(Stored items from a collection)
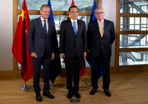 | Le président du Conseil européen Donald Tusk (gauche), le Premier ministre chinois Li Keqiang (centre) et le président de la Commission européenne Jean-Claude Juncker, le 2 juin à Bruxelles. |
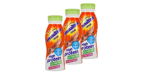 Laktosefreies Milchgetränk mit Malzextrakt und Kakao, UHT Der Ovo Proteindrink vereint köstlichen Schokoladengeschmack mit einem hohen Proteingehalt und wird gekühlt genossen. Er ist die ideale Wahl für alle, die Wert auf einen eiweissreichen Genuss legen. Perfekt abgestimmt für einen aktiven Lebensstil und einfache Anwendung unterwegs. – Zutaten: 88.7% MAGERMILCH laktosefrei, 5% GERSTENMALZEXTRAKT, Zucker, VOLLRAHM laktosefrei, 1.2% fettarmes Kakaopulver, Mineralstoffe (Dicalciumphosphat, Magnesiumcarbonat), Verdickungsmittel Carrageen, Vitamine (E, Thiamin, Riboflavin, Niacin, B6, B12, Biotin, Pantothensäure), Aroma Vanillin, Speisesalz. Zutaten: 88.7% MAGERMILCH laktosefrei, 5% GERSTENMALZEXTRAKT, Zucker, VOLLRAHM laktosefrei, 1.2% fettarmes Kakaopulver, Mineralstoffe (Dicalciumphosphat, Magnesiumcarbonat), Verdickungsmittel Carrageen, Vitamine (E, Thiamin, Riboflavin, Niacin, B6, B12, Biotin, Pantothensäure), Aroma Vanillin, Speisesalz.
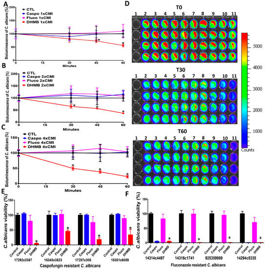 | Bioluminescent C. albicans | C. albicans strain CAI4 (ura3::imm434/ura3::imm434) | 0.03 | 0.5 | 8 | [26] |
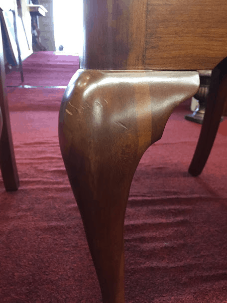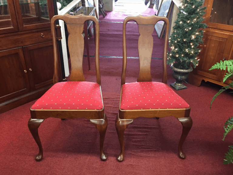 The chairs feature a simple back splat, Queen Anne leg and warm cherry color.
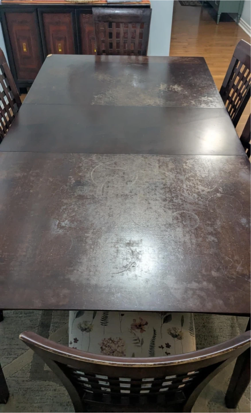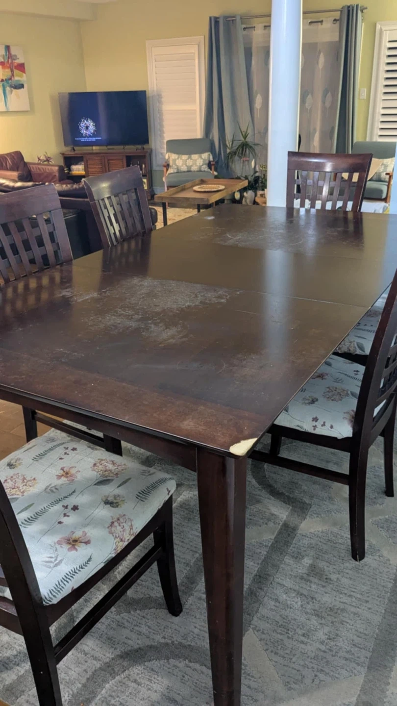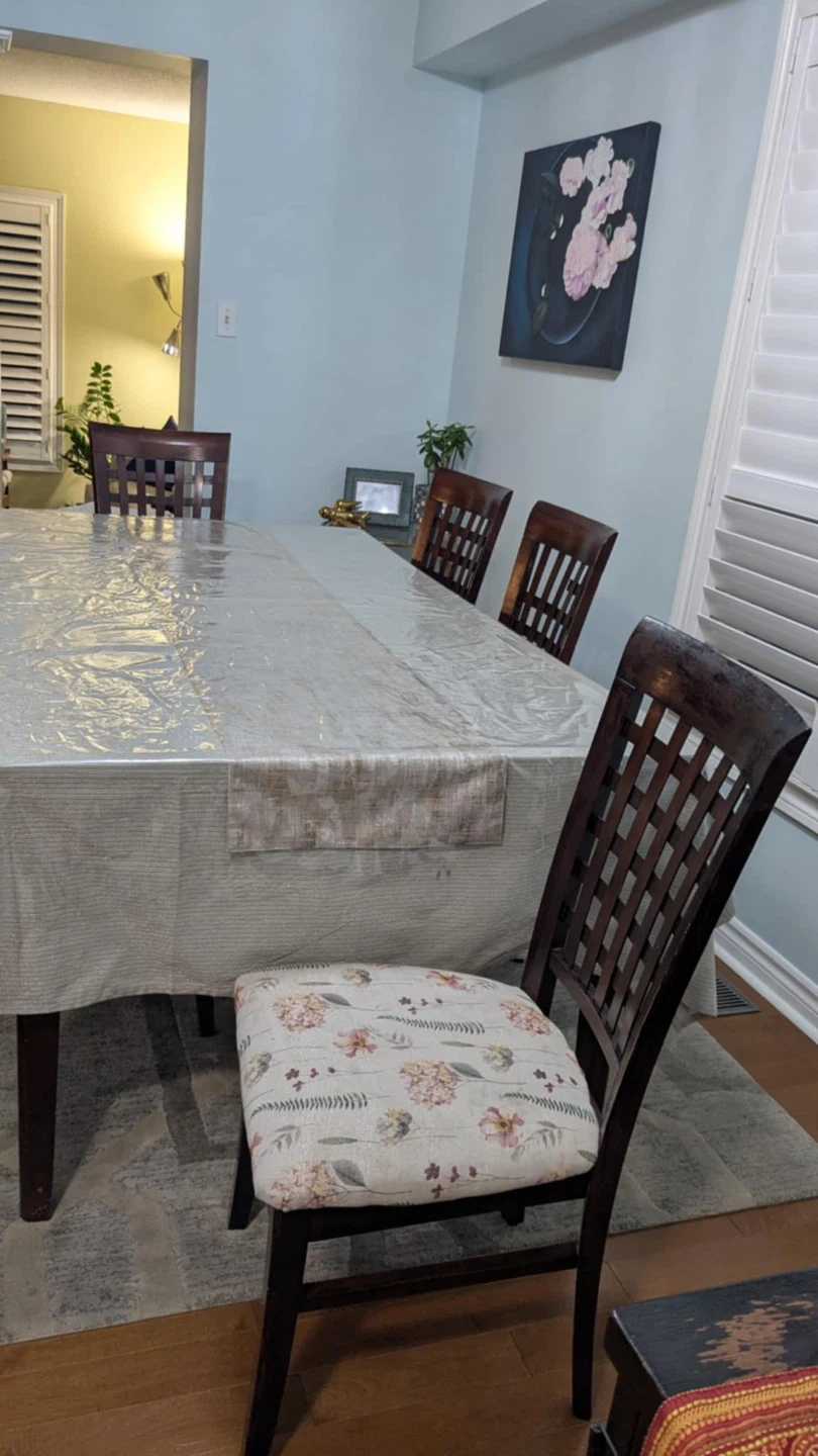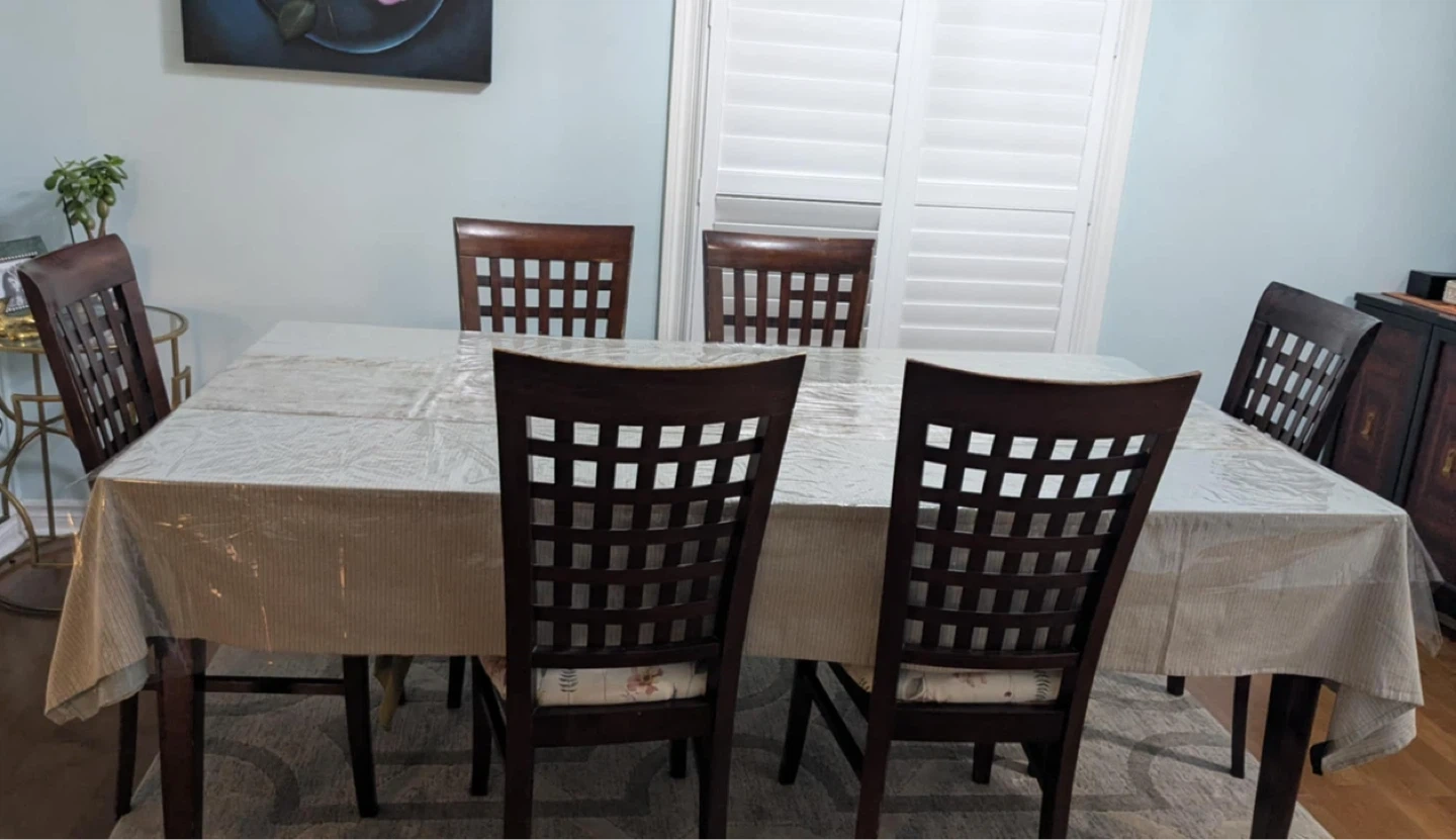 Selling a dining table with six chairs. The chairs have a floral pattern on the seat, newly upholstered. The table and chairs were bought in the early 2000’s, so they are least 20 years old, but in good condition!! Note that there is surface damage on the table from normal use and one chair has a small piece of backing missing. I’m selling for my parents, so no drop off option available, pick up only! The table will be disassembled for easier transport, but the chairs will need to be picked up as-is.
---
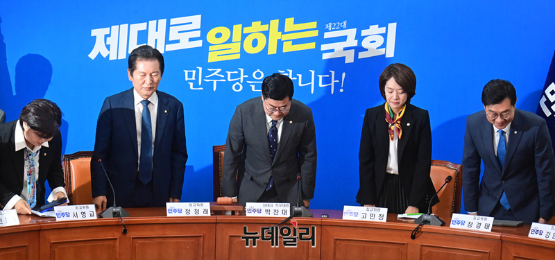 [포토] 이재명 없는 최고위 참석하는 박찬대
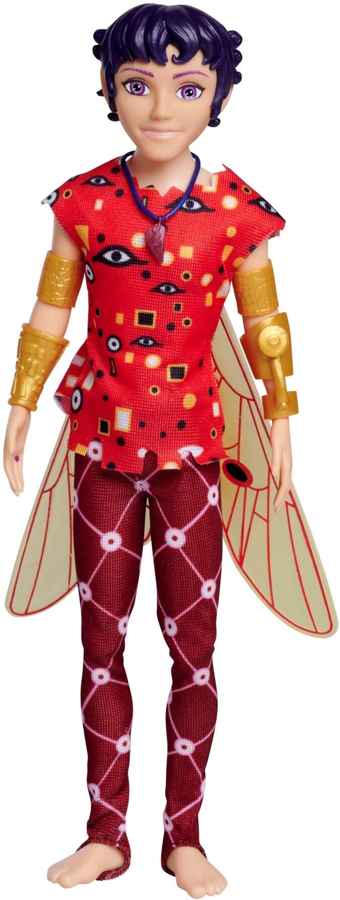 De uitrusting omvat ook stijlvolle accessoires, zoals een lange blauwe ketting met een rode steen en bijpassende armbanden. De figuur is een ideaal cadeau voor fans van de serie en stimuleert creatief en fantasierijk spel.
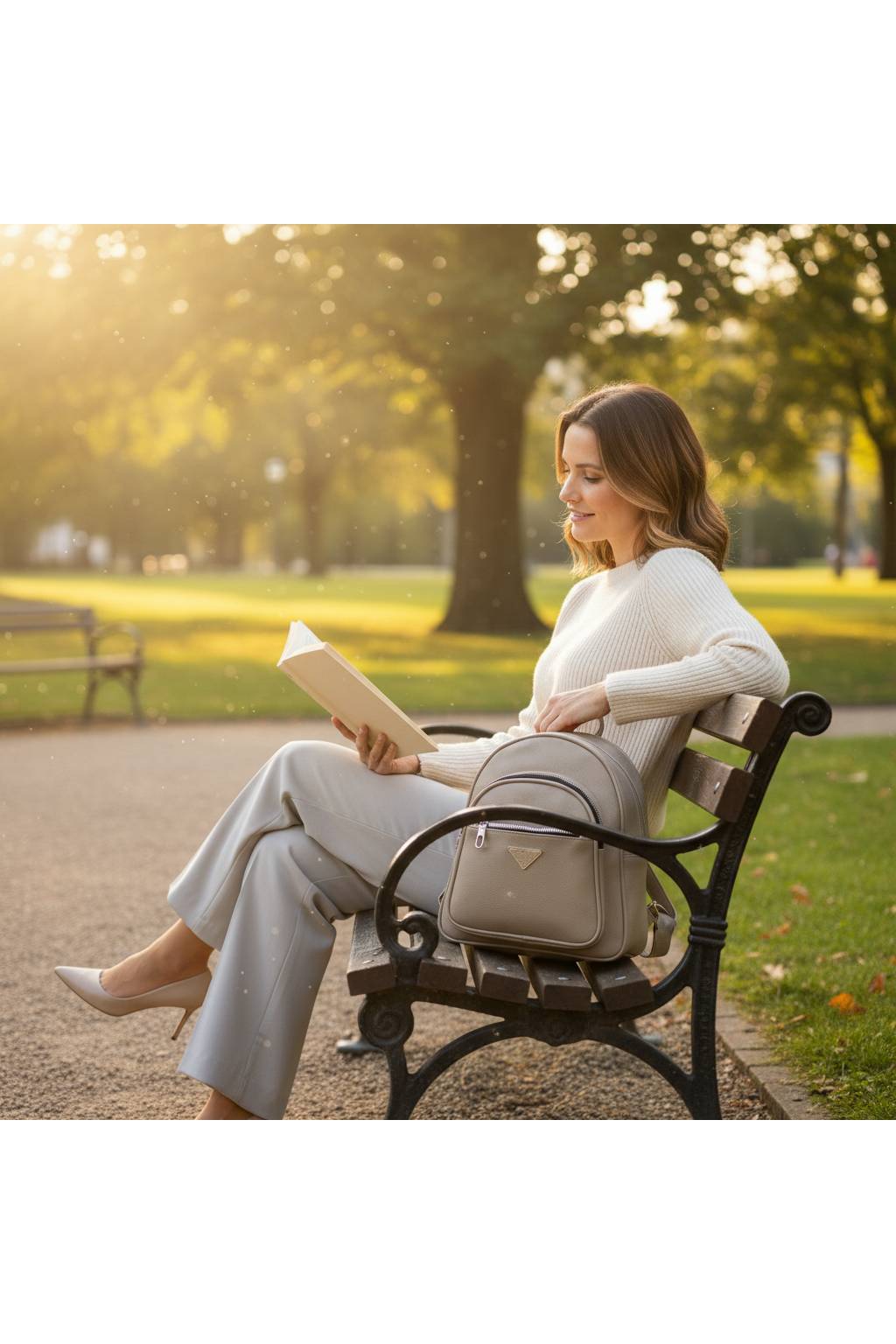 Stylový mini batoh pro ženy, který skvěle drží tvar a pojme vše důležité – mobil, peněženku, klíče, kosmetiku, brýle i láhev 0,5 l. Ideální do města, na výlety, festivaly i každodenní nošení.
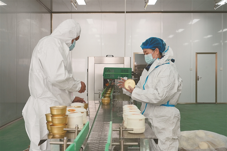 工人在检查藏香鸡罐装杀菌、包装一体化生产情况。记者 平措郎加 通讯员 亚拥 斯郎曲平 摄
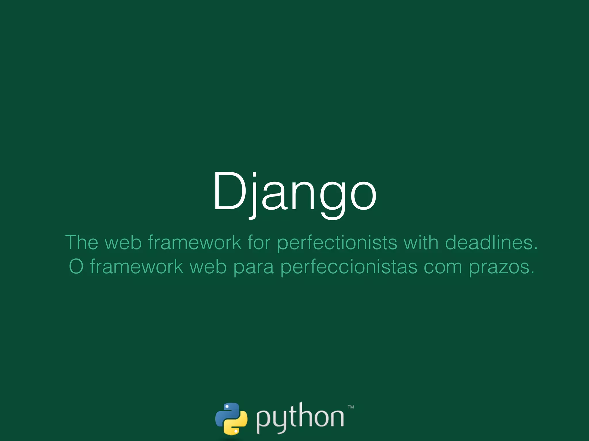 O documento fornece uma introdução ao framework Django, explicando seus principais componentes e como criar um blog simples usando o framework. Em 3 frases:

#### [Task objective]
Output only the lines above from the one containing "[포토] 이재명 없는 최고위 참석하는 박찬대" to the one containing "工人在检查藏香鸡罐装杀菌、包装一体化生产情况。记者 平措郎加 通讯员 亚拥 斯郎曲平 摄", both included, exactly as written and with no pictures.

#### [Exercise result]
 [포토] 이재명 없는 최고위 참석하는 박찬대
 De uitrusting omvat ook stijlvolle accessoires, zoals een lange blauwe ketting met een rode steen en bijpassende armbanden. De figuur is een ideaal cadeau voor fans van de serie en stimuleert creatief en fantasierijk spel.
 Stylový mini batoh pro ženy, který skvěle drží tvar a pojme vše důležité – mobil, peněženku, klíče, kosmetiku, brýle i láhev 0,5 l. Ideální do města, na výlety, festivaly i každodenní nošení.
 工人在检查藏香鸡罐装杀菌、包装一体化生产情况。记者 平措郎加 通讯员 亚拥 斯郎曲平 摄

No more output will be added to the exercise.